In order to be able to find an antiderivative, I have been taught to decompose fractions by first observing an identity, like $$\frac{2x+1}{(3x-2)(x+1)} \equiv \frac{A}{3x-2}+\frac{B}{x+1}$$ wherever the function is defined.
Then I would expand and substitute, like so: $$A(x+1)+B(3x-2) \equiv 2x+1$$ letting $x=-1$: $$-5B=-1 \implies B=\frac{1}{5}$$ and then letting $x=\frac{2}{3}$: $$\frac{5}{3}A=\frac{7}{3} \implies A= \frac{7}{5}$$
Why are these substitutions justified? In both cases the original function is undefined for these $x$ values as the denominator would be zero - does this mean my claim "wherever the function is defined" is unnecessary? I can't see why this gives the right answer, but it does (as I can verify by matching coefficients instead of substituting)!
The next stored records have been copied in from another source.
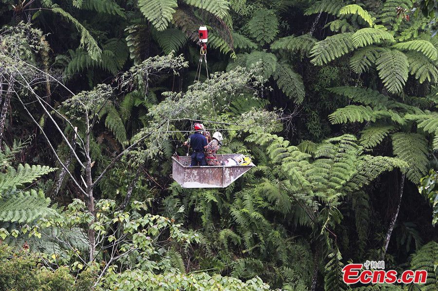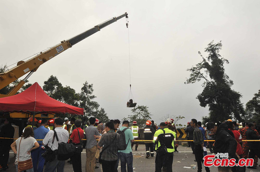 Rescuers work at the scene of bus plunge at Genting Highlands resort in the state of Pahang, Malaysia, on August 21, 2013. At least 37 were killed after a tourist bus plunged into a ravine near Malaysia's Genting Highlands resort on Wednesday. Police said at least three foreigners were in the bus, including one Chinese citizen. (Photo/CNS)
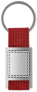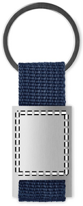 Rektangulär nyckelring i metall och färgat polyesterväv.
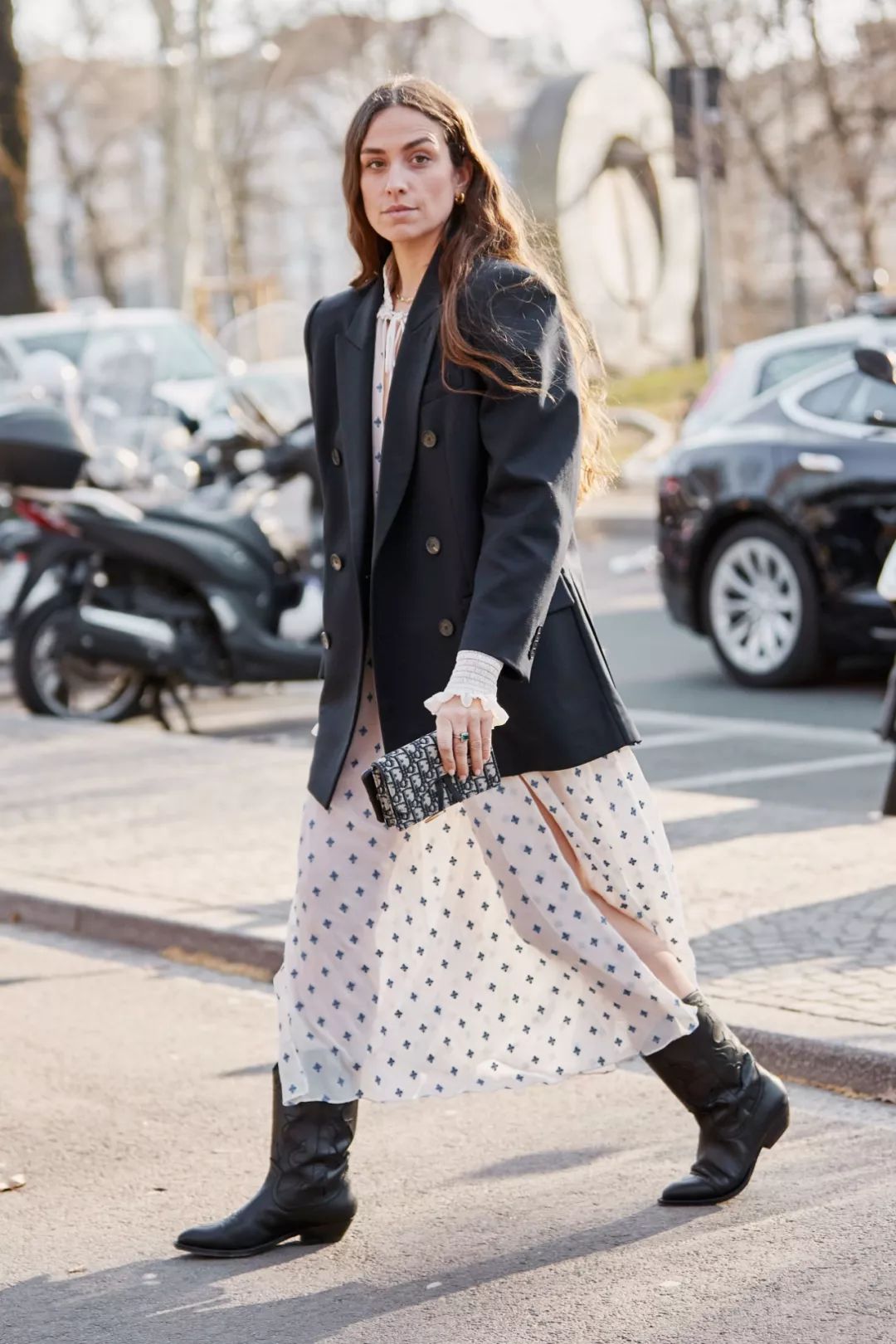 少女款的雪纺连衣裙外面搭配一件黑色西装也是碰撞出更有时髦感,黑色的外套给LOOK增加一些重感,带着硬朗的小甜美,简直是帅气撩人都有啦!再才一双今年流行的牛仔靴,少女裙也能穿出大气的感觉。
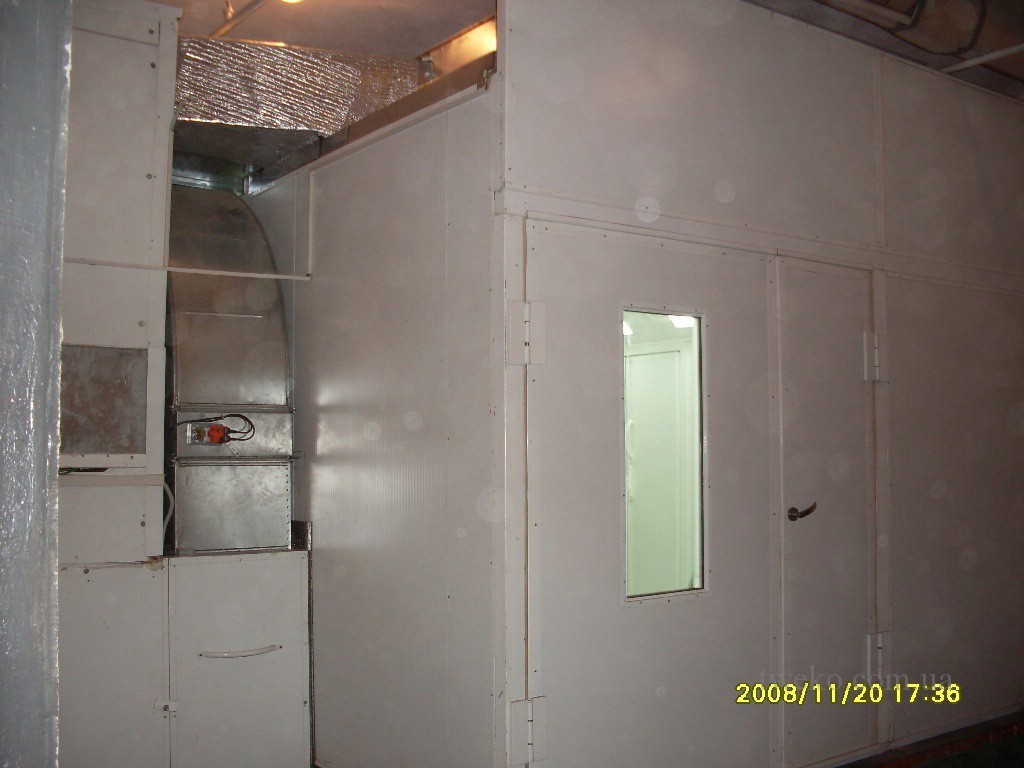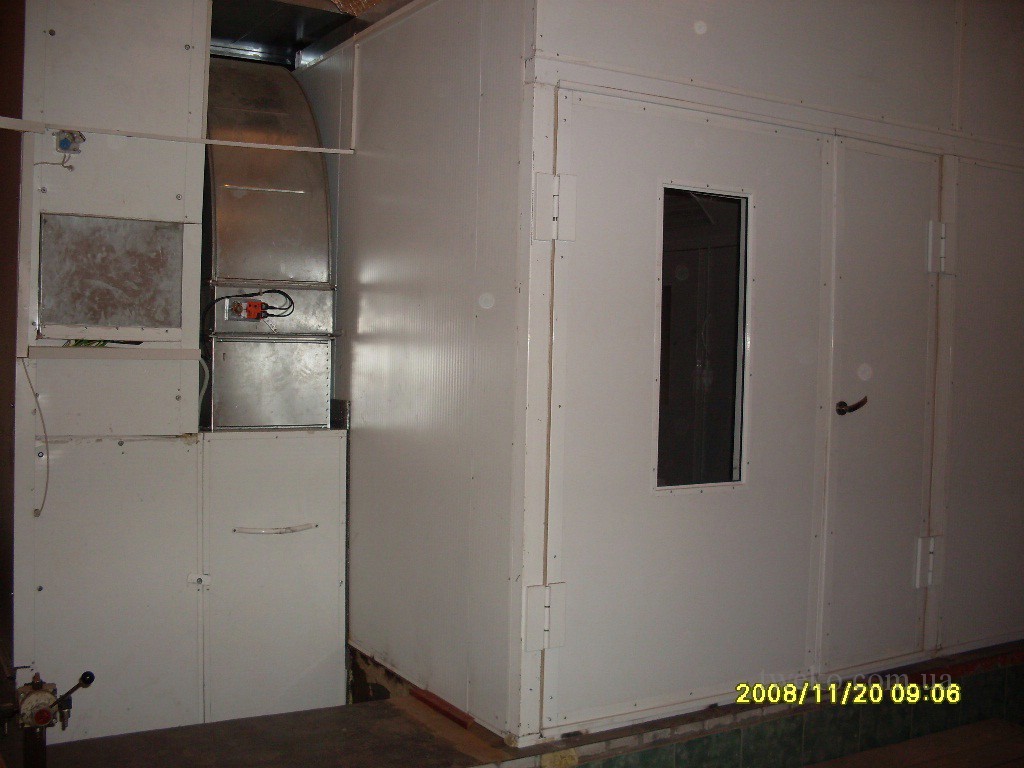 - Paint and Drying Booth, Model KP 05-5100 (serial no. 31). The booth consists of two cabins: a painting cabin (5,090×4,000×2,500 mm) and a drying cabin (5,090×3,725×2,200 mm), constructed from 50 mm sandwich panels with fire-resistant filler and galvanized coating. It is equipped with a diesel heat generator for air heating (18–25°C for painting, 50–70°C for drying) and centrifugal fans with high efficiency (air exchange rate up to 200 times/hour). Lighting is provided by two rows of sealed fluorescent fixtures (4×40 W in the painting cabin, 2×40 W in the drying cabin). The filtration system includes ceiling and floor filters, as well as preliminary pocket-type filters. Air is exhausted through channels in the concrete foundation. A control panel with automation ensures monitoring of pressure, temperature, and operating modes.

This is indeed an identity in $x$ and therefore is true for all valid values of $x$:
$$\frac{2x+1}{(3x-2)(x+1)} = \frac{A}{3x-2}+\frac{B}{x+1}$$
No, your use of "wherever the function is defined" is not unnecessary.
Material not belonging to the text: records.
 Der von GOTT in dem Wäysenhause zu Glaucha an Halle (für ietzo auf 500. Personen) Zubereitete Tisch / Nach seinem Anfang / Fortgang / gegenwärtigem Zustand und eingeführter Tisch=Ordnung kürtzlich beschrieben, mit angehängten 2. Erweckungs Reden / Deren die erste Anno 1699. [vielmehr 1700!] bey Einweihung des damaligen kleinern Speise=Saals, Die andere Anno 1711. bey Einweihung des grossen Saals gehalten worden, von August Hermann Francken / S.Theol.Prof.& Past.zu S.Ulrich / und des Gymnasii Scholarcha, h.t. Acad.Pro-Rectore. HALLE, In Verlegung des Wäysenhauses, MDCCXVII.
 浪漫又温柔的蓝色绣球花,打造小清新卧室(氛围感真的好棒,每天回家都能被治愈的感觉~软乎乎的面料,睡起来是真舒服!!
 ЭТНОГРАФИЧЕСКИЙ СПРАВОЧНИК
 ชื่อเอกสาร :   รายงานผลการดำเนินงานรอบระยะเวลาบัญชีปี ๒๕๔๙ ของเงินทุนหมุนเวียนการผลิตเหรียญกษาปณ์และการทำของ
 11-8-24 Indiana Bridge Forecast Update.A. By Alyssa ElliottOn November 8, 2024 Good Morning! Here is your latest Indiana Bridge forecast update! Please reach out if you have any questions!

But note that this also is an identity in $x$ and therefore is true for all valid values of $x$:
$$A(x+1) + B(3x-2) = 2x + 1$$
But this last line has no restrictions on what $x$ can be. Why is this also an identity? Because we obtained it by performing a valid operation (multiplying both sides by the same thing) to an identity in $x$.